WHAT YOU NEED TO DO → With pictures left out, set down exactly the lines from the line containing "今日は、お姉さん先生とぶどう" through the last line of the data.

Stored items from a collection
[Start of Attachment]

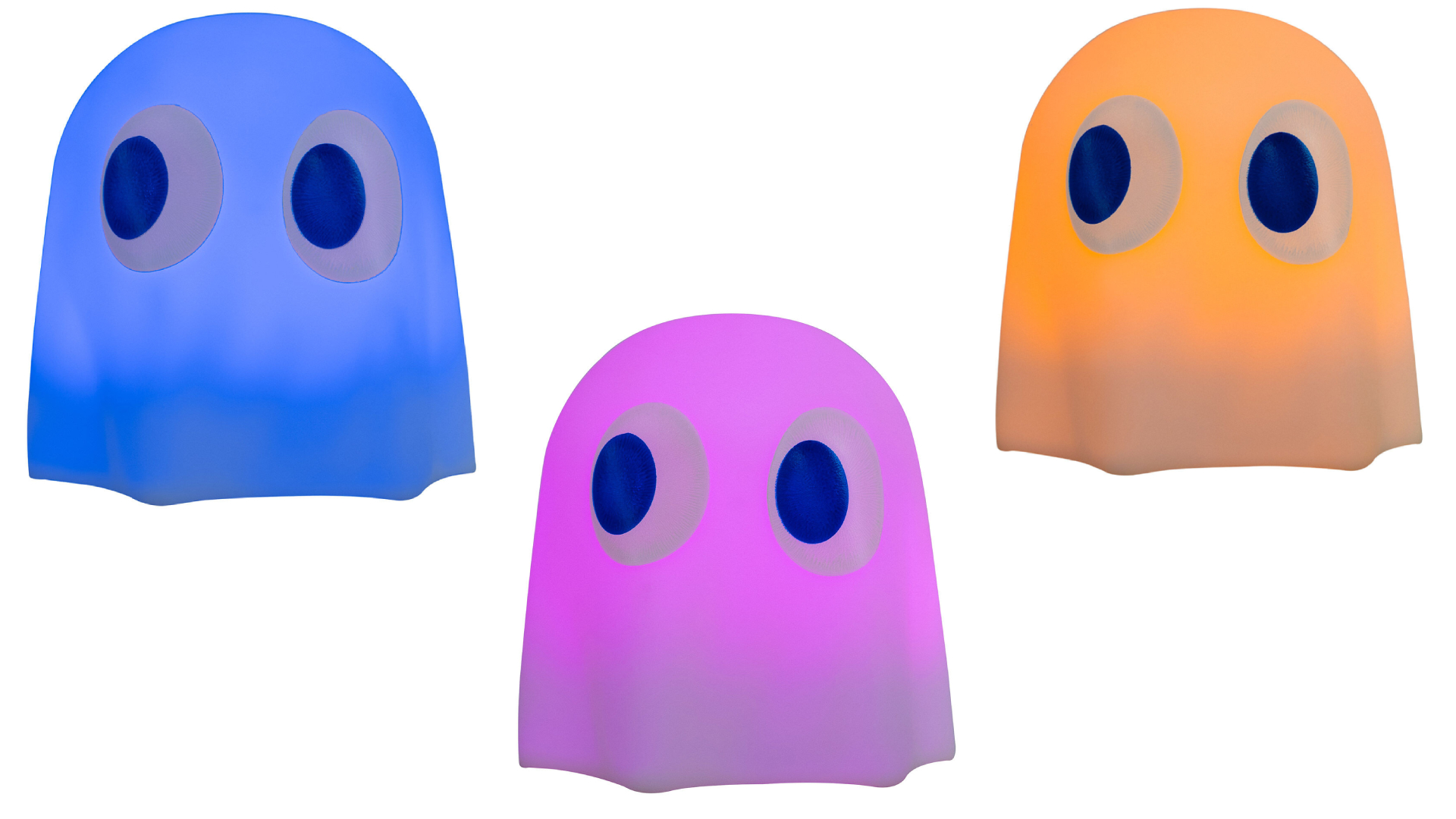 Adu distracția nostalgică de arcade în casa ta cu PAC-MAN Colour-Changing Mood Light, o lampă fantomă 3D din silicon moale.
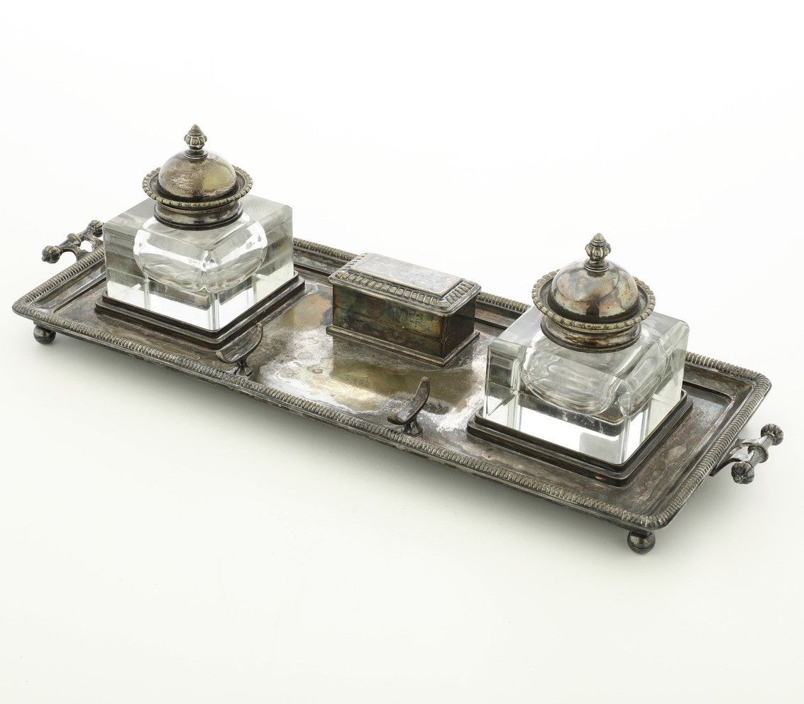 Calamaio in metallo argentato con ampolle in vetro. XX secolo
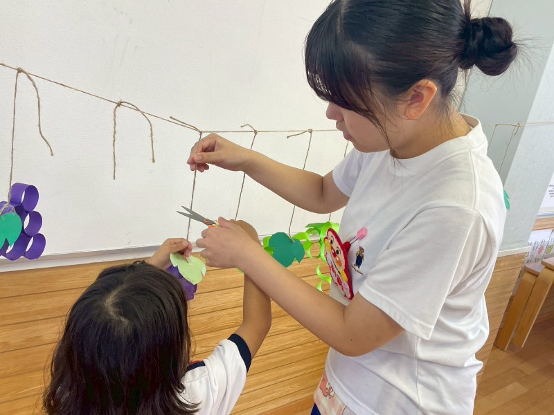 今日は、お姉さん先生とぶどう狩り♬一昨日、自分で作ったぶどうを収穫しました!とっても個性的で美味しそうなぶどうが獲れたね❤P.S運動会まであと4日・・本番まで子ども達のモチベーションを上げていきます。本番の演技をぜひ楽しみにしていてください✨
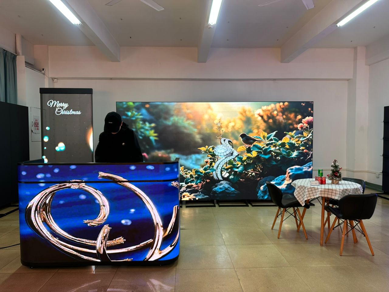 Präsentieren Sie auf dem LED-Tisch Fotos, Bilder, Videos mit Ton sowie 2D- und 3D-Animationen. Alternativ können Sie Inhalte auch live auf das Gerät streamen – sei es für eine Präsentation oder während eines DJ-Sets.
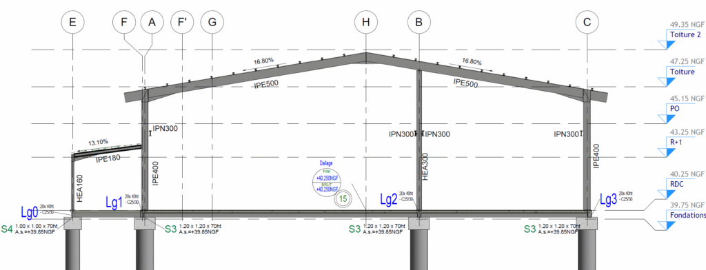 Dans le cadre de ce projet de création d’un bâtiment de bureaux et de stockage, nous avons été chargés de la réalisation complète des plans de coffrage, des plans de coupes ainsi que des détails d’assemblages métalliques, en étroite collaboration avec le bureau d’études et les différents intervenants du projet.
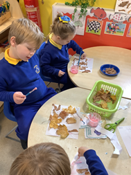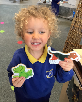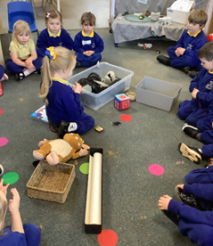 In Phonics we have been practising our listening skills through games and activities based on the three aspects of environmental sounds, body percussion and instrumental sounds. We have also been practising writing our names. We are still reading stories from our author, Nick Butterworth and the children are really enjoying the adventures of Percy and his friends.
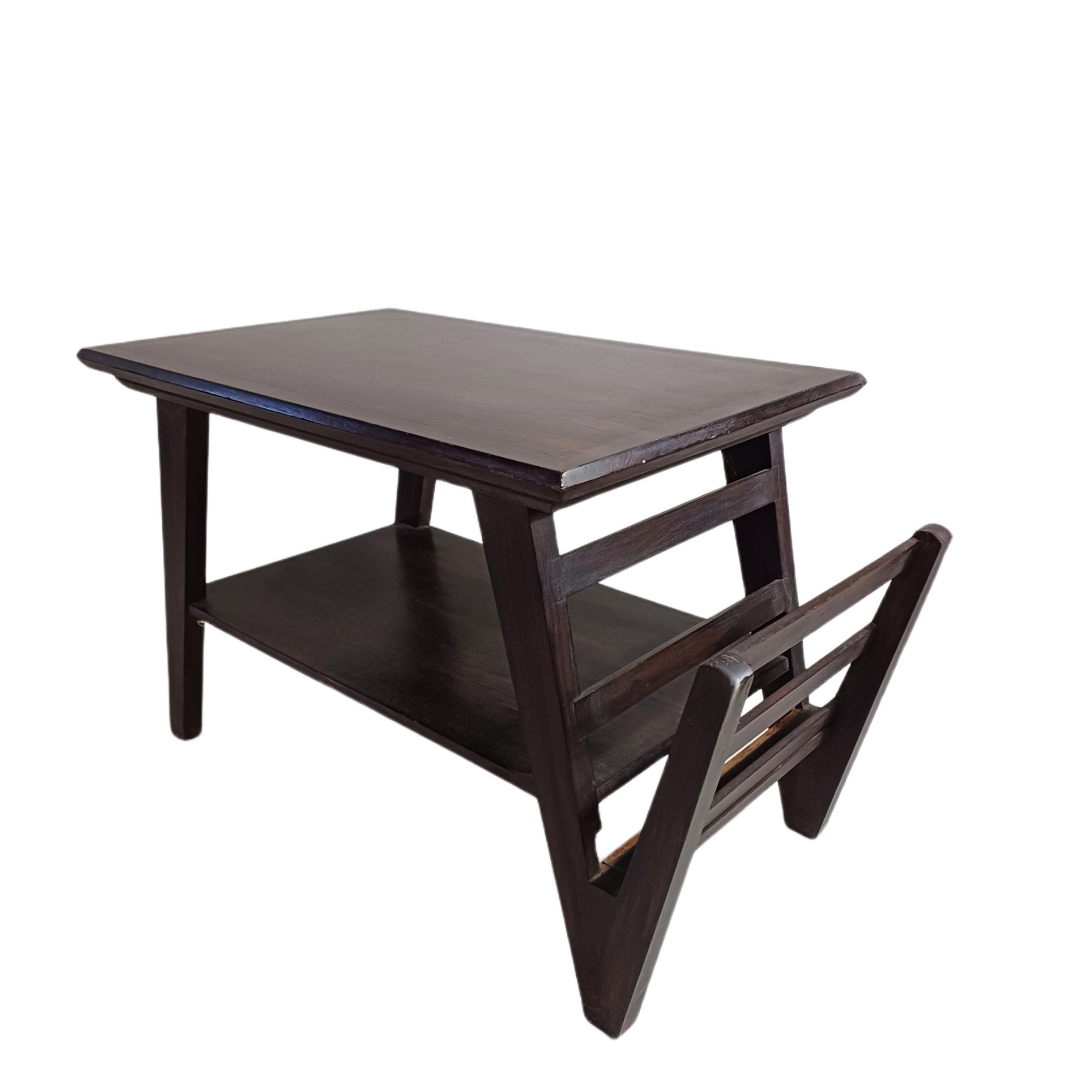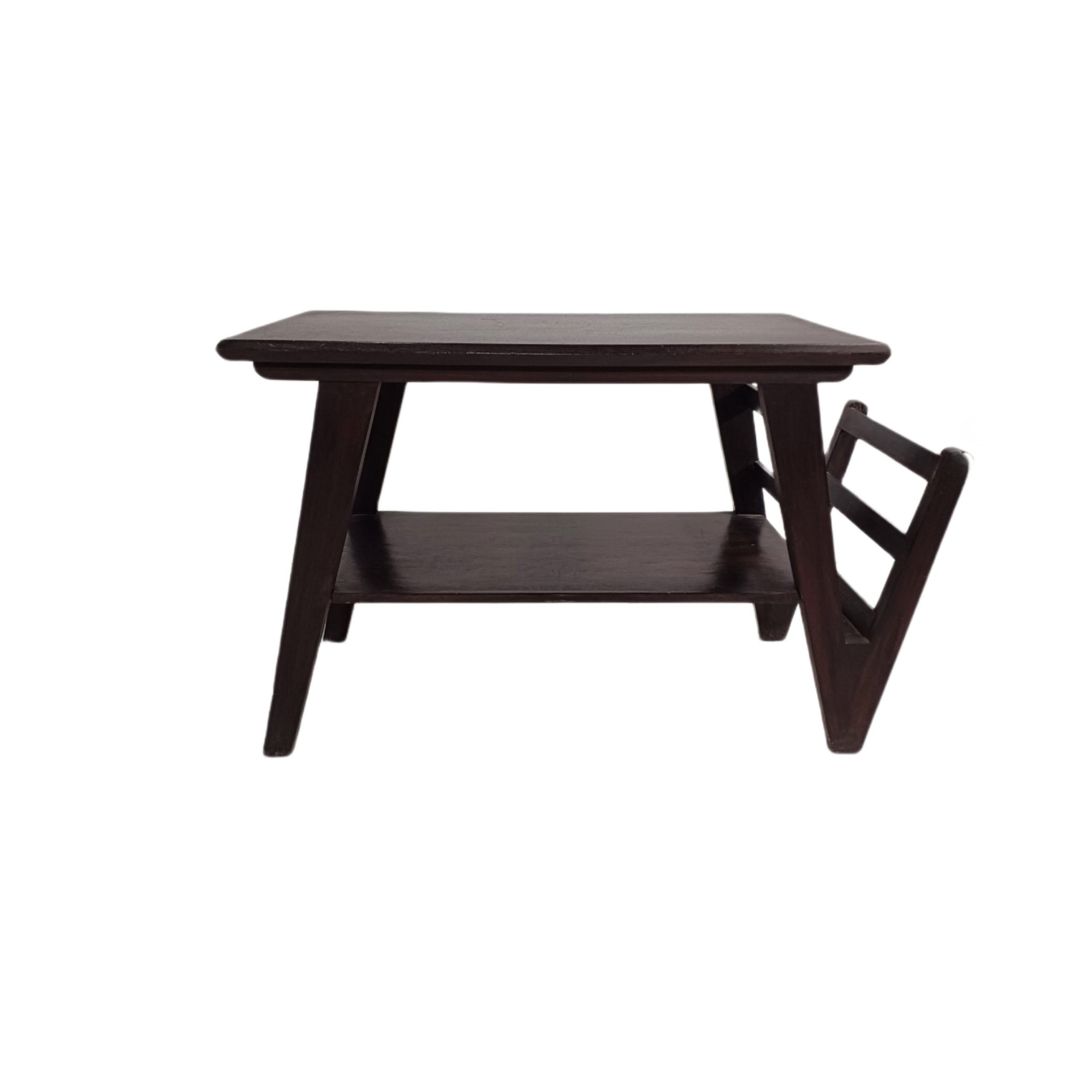 mesinha antiga com revisteiro.

[End of Attachment]

RESPONSE AREA →
 今日は、お姉さん先生とぶどう狩り♬一昨日、自分で作ったぶどうを収穫しました!とっても個性的で美味しそうなぶどうが獲れたね❤P.S運動会まであと4日・・本番まで子ども達のモチベーションを上げていきます。本番の演技をぜひ楽しみにしていてください✨
 Präsentieren Sie auf dem LED-Tisch Fotos, Bilder, Videos mit Ton sowie 2D- und 3D-Animationen. Alternativ können Sie Inhalte auch live auf das Gerät streamen – sei es für eine Präsentation oder während eines DJ-Sets.
 Dans le cadre de ce projet de création d’un bâtiment de bureaux et de stockage, nous avons été chargés de la réalisation complète des plans de coffrage, des plans de coupes ainsi que des détails d’assemblages métalliques, en étroite collaboration avec le bureau d’études et les différents intervenants du projet.
 In Phonics we have been practising our listening skills through games and activities based on the three aspects of environmental sounds, body percussion and instrumental sounds. We have also been practising writing our names. We are still reading stories from our author, Nick Butterworth and the children are really enjoying the adventures of Percy and his friends.
 mesinha antiga com revisteiro.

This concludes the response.